論曰:一切賢聖證四種涅槃,而佛秘密藏大涅槃不預也。何謂四種?曰:一者、自性清淨涅槃,謂雖有染心,性常明潔,具足一切性功德故。一切有情平等共有,與一切法不一不異,離一切相、一切分別,尋思路絕,名言道斷,惟真聖者自內所證故。二者、有餘依涅槃,謂真如出煩惱障,雖有微苦,所依未滅,而障永寂故。三者、無餘依涅槃,謂真如出生死苦,煩惱既盡,余依亦滅,眾苦永寂故。
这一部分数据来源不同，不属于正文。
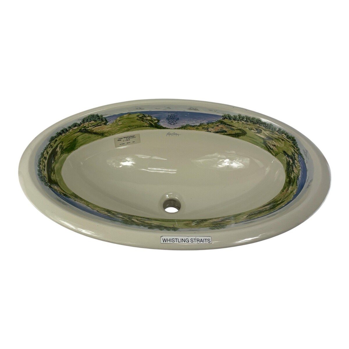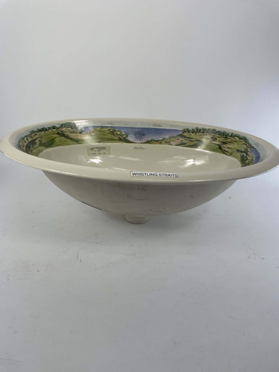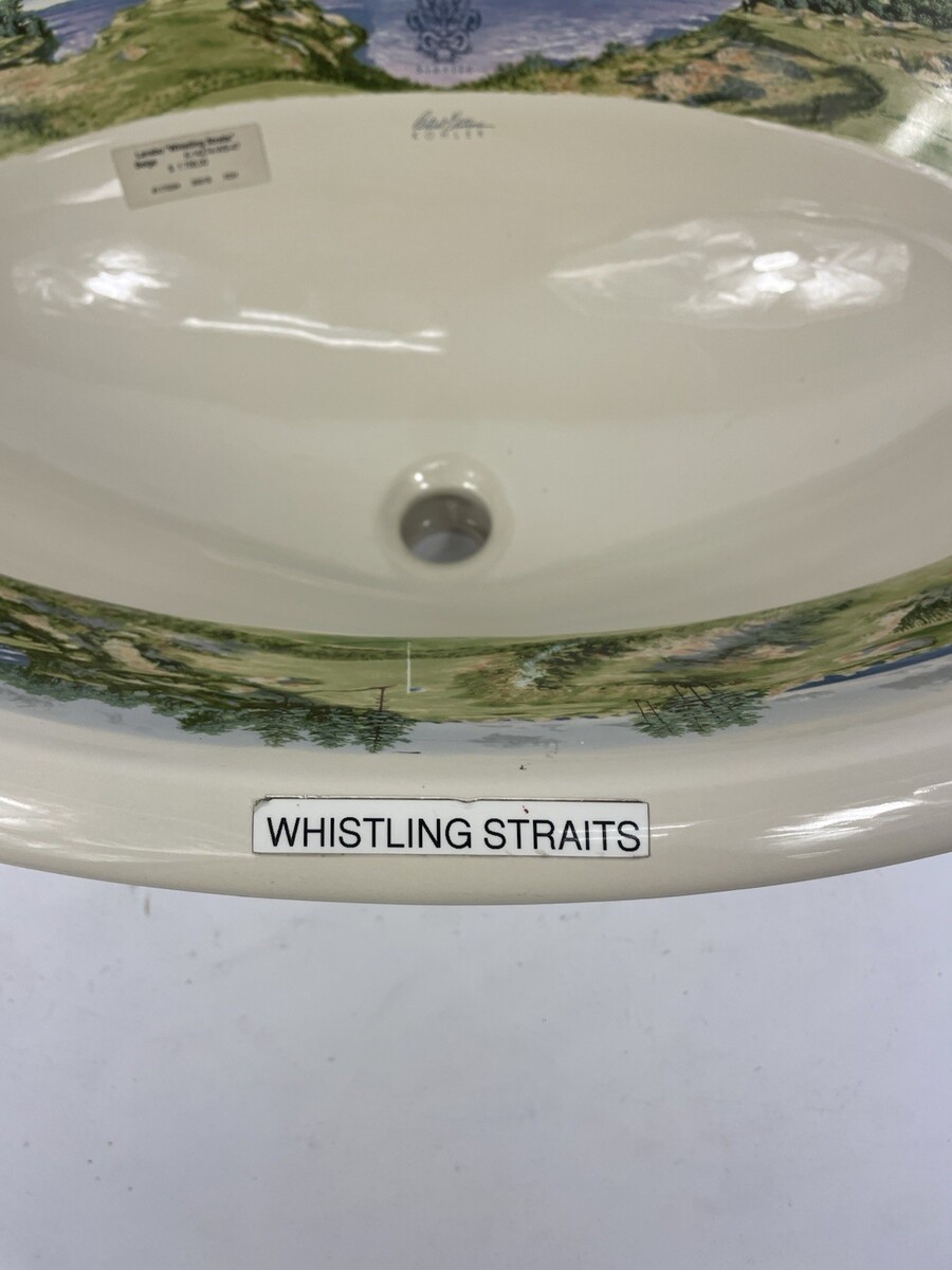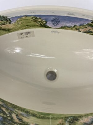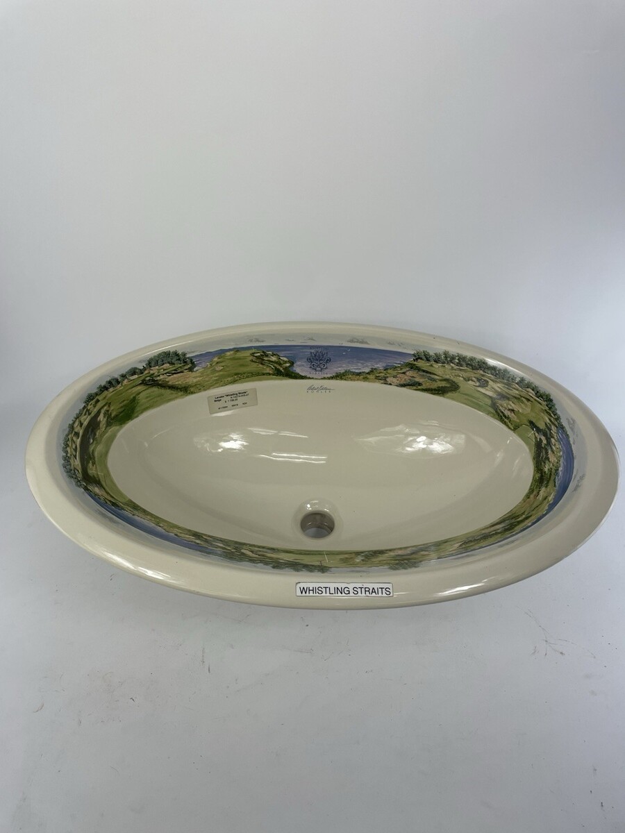 Depicting sweeping panoramas of Whistling Straits golf course and Lake Michigan beyond, this design celebrates the art of golf in the historic style of renowned late 19th-century British artist Douglas Adams. The colorful artwork embellishes a Centerpiece sink, which features a unique wide-beveled ledge and generous basin size. Decorated with panoramic views of Whistling Straits golf course on Almond background Oval basin No faucet holes; requires wall- or counter-mount faucet Coordinates with other products with the Whistling Straits design DISCONTINUED VERY RARE Demo model from Showroom 2 small black marks as per photos ACQUIRED FROM A CONTRACTOR IN MONTREAL CANADA . The contract got canceled by customer
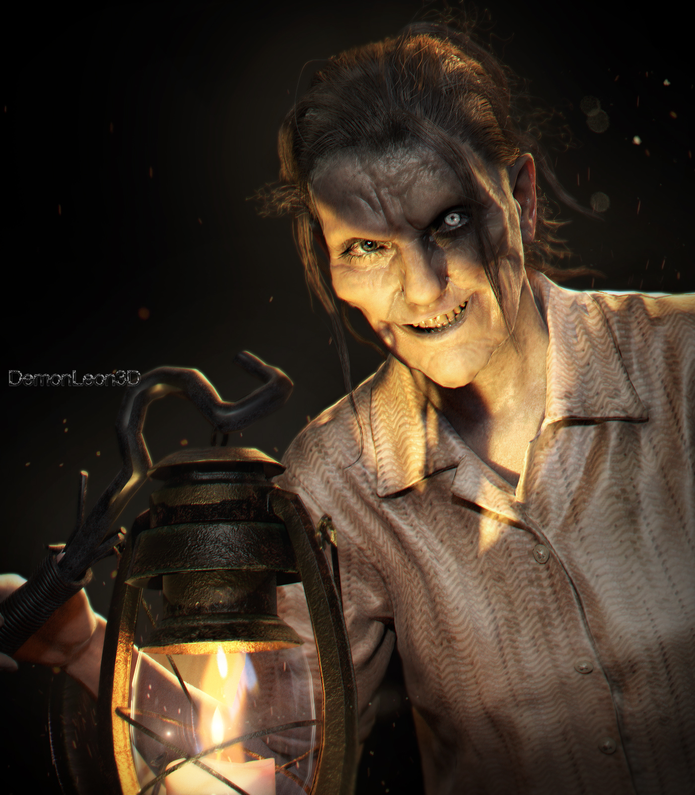 Description: A creepy woman holding a lantern with a glowing light on it's face and a creepy expression on her face.
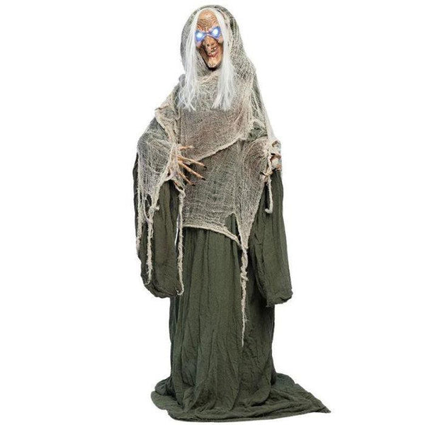 Description: This old witch has been waiting a long time to catch her next victim. So don't make too much noise or she will wake up and there will be no escape from her witchcraft. This frightning interactive standing decoration with creepy movements, sounds and glowing eyes is perfect as a decoration for Halloween or a haunted house.
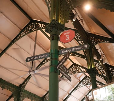 In the quiet lull between rushes at Lau Pa Sat, the beautiful iconic hawker centre in Singapore, the space softens into something more intimate. Slower pace, more relaxing moments, quiet solo diners, midday break of office workers. Amid it all, the gentle chime of the bells drifts through the space, adding a calm, almost nostalgic rhythm to the afternoon.
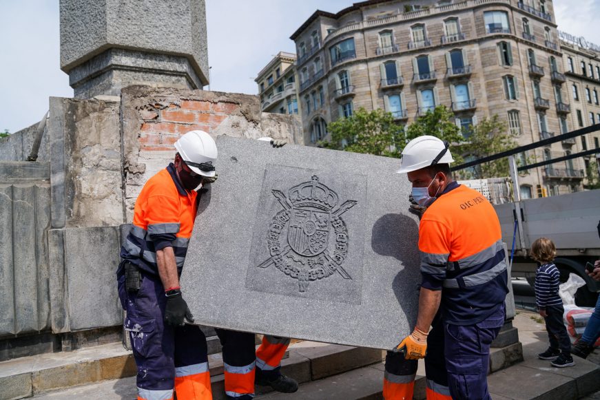 Redacción – «Este elemento se añadió a posteriori y queda descontextualizado en un emplazamiento diseñado inicialmente para poner en valor la República y homenajear el presidente de la Primera República española, Francisco Pi y Margall». Así defienden desde el Gobierno municipal socialcomunista pro separatismo del Ayuntamiento de Barcelona de la extrema izquierda ‘Barcelona En Común (Podemos) y Partido de los Socialistas Catalanes (PSC), que es la marca del PSOE en la Comunidad autónoma de Cataluña. Barcelona (España), sábado 17 de abril de 2021.
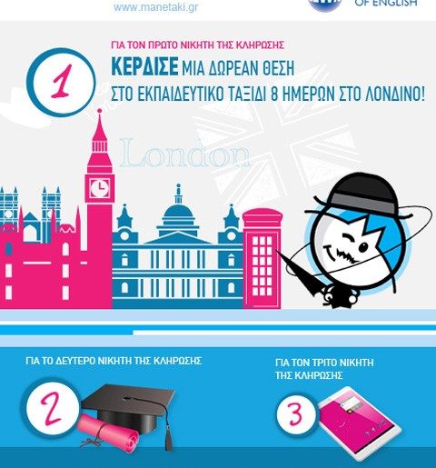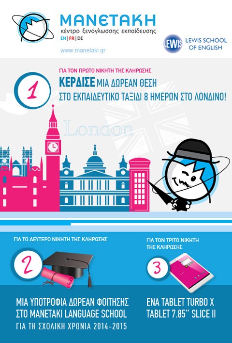 Το Κέντρο Ξενόγλωσσης Εκπαίδευσης Μανετάκη διοργανώνει διαγωνισμό και σας δίνει τη δυνατότητα να κερδίσετε ένα εκπαιδευτικό ταξίδι 8 ημερών στο Λονδίνο, μία υποτροφία δωρεάν φοίτησης στο Φροντιστήριο Μανετάκη και ένα Tablet Turbo X!
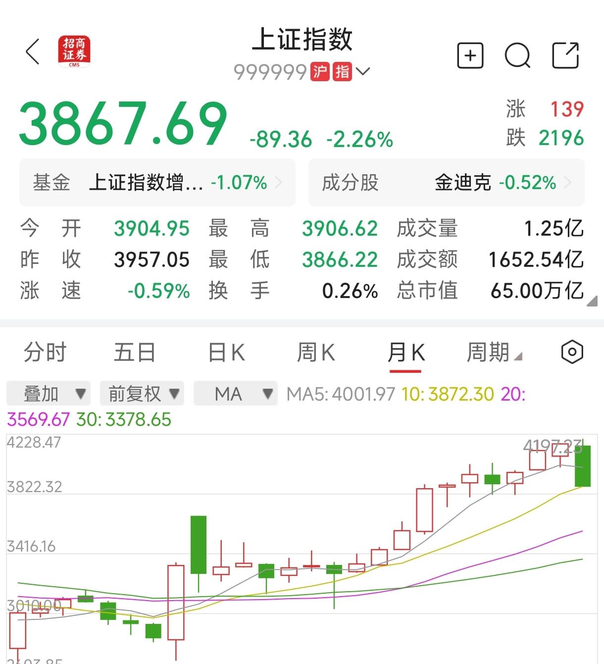 快讯,上证指数跳空低开并延续下跌势头,当前下跌2.26%,5036家公司股价下跌。 ●上证指数23日以3904.95点开盘,比上一交易日收盘点位低开52.1点,跌幅1.3%;开盘后单边下行,当前3867.69点,较上个交易日下跌89.36点,跌幅2.26%。 上证指数52周内最高点4197.23点是3月4日创造的,最近14个交易日已经累跌329.54点,累计跌幅7.85%。 纵观沪深京市场,5036家公司下跌(13加跌停),427家公司上涨(17家涨停)。
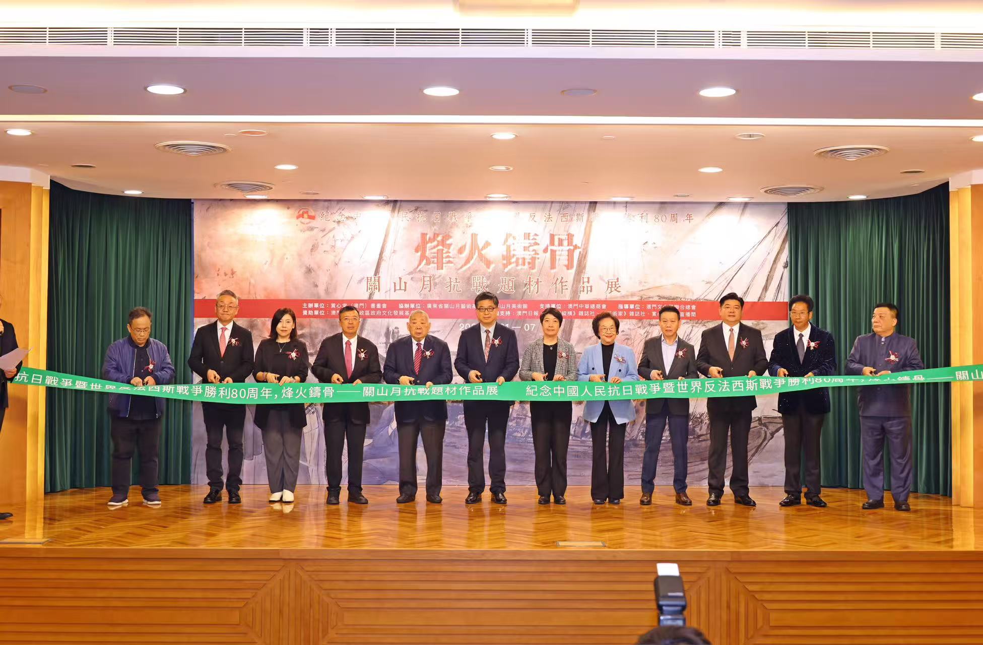 【即時新聞】由賞心堂(澳門)書畫會主辦,獲文化發展基金資助的「紀念中國人民抗日戰爭暨世界反法西斯戰爭勝利80周年,烽火鑄骨——關山月抗戰題材作品展」傍晚在中總四樓馬萬祺先生紀念堂揭幕。展出嶺南畫派代表人物關山月於抗戰時期創作的近50幅書畫作品,內容涵蓋戰地寫生、流離百姓、愛國志士等主題,深刻記錄烽火連天歲月中,中華民族不屈不撓、共赴國難的精神風骨與歷史記憶,彰顯老一輩藝術家「文以載道、藝以報國」的崇高情懷,藉此緬懷先烈、銘記歷史,弘揚偉大抗戰精神,在澳門社會進一步厚植愛國情懷。
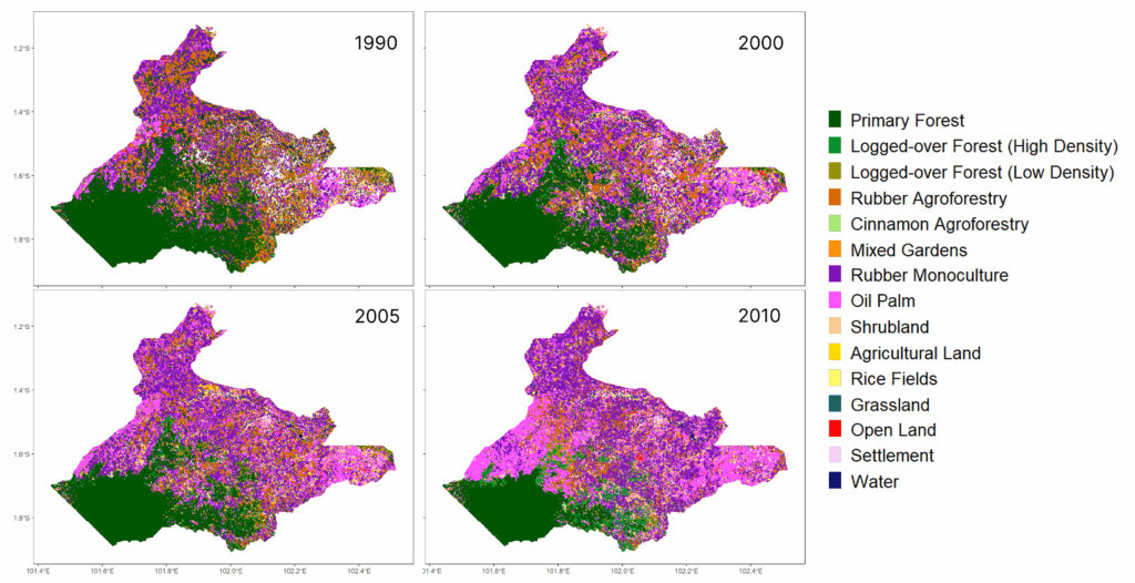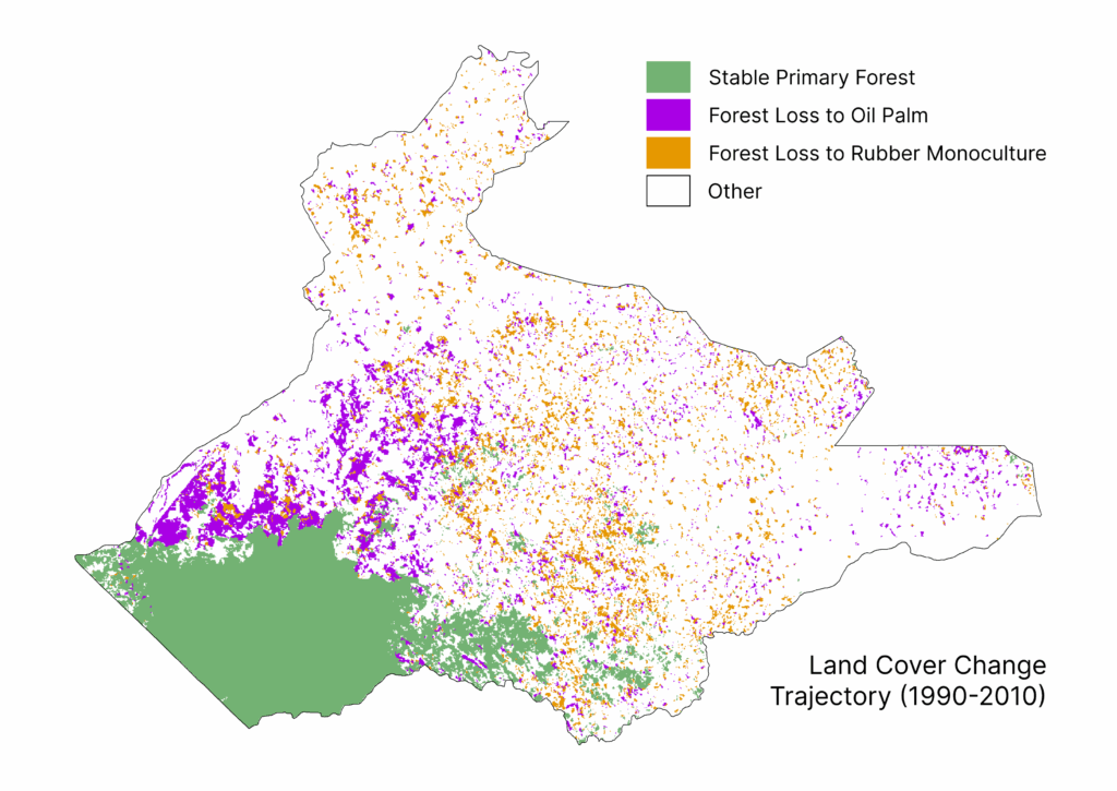 Namun, sebenarnya perubahan apa yang menjadi faktor utama hilangnya hutan primer di Kabupaten Bungo? Jawaban atas pertanyaan ini sama pentingnya dengan analisis tentang laju perubahan tutupan lahan. Jika dilihat secara historis, pada tahun 1990, jenis tutupan lahan yang mendominasi di Kabupaten Bungo terdiri dari hutan primer, karet (monokultur dan agroforestri), serta perkebunan kelapa sawit. Komposisi tutupan lahan tersebut terus bertahan hingga 2010, di mana tutupan lahan perkebunan untuk komoditas kelapa sawit meningkat 2,5 kali lipat, dari 41,840 ha menjadi 107,264 ha. Sama halnya dengan komoditas perkebunan karet yang mengalami peningkatan luas 63% menjadi 132,979 ha. Terjadi perubahan tren perkebunan karet dari sistem agroforestri menjadi monokultur pada pada tahun 2010.

四者、無住處涅槃,謂真如出所知障,大悲般若常所輔翼,所以不住生死涅槃,利樂有情,窮未來際,用而常寂故。至如佛秘密藏大般涅槃,則如伊字,三點並則不成伊。縱亦不成伊,如摩醯首羅面上三目乃得成伊,三點若別亦不得成。我亦如是,解脫之法亦非涅槃,如來之身亦非涅槃,摩訶般若亦非涅槃,三法各異亦非涅槃。我今安住如是三法,為眾生故,名入涅槃。二乘所證之涅槃,則異於是五種者矣。初則諦觀以求親證,以心粗故不見正智,及生空真如乃見惑業,後苦不生,心便變作涅槃想解。圓覺經曰:但諸聲聞所圓境界,身心語言皆悉斷滅,終不能至彼之親證所現涅槃。又曰:有妄業故妄見流轉,厭流轉者妄見涅槃。涅槃而言所證,又言妄現。舍利弗言:我於空法得證,乃至如今自覺,非實滅度。蓋因而後返者也。
若得作佛時(至)教化諸菩薩。
論曰:舍利弗出於小果,驟聞大法,剎那之間,便起見惑,至以佛為魔。緣差之失,有至是者。然魔何所從來哉?若從外來耶?則佛言:三界惟心。此義不成。何以故?以心猶有外故。若從內出耶?則佛言:心遍十方。此義不成。何以故?以心有容受魔地故。作是觀時,魔即是佛。如善財童子,至伊沙那聚落,勝熱婆羅門所,見四面火聚,猶如大山,中有刀山,高峻無極。登彼山上,投身入火。時善財念曰:將非是魔,魔所使耶?乃至登刀山,投火聚,未至中間,即得菩薩善住三昧。才觸火?,又得菩薩寂靜樂神通三昧。善財白言:甚奇聖者!如是刀山,及大火聚,我身觸時,安隱快樂。時婆羅門告善財曰:善男子!我唯得此菩薩無盡輪解脫,如諸菩薩摩訶薩大功德?,能燒一切眾生見惑,令無有餘。舍利弗以知見力,為功德?者也。
爾時佛告舍(至)三十二小劫。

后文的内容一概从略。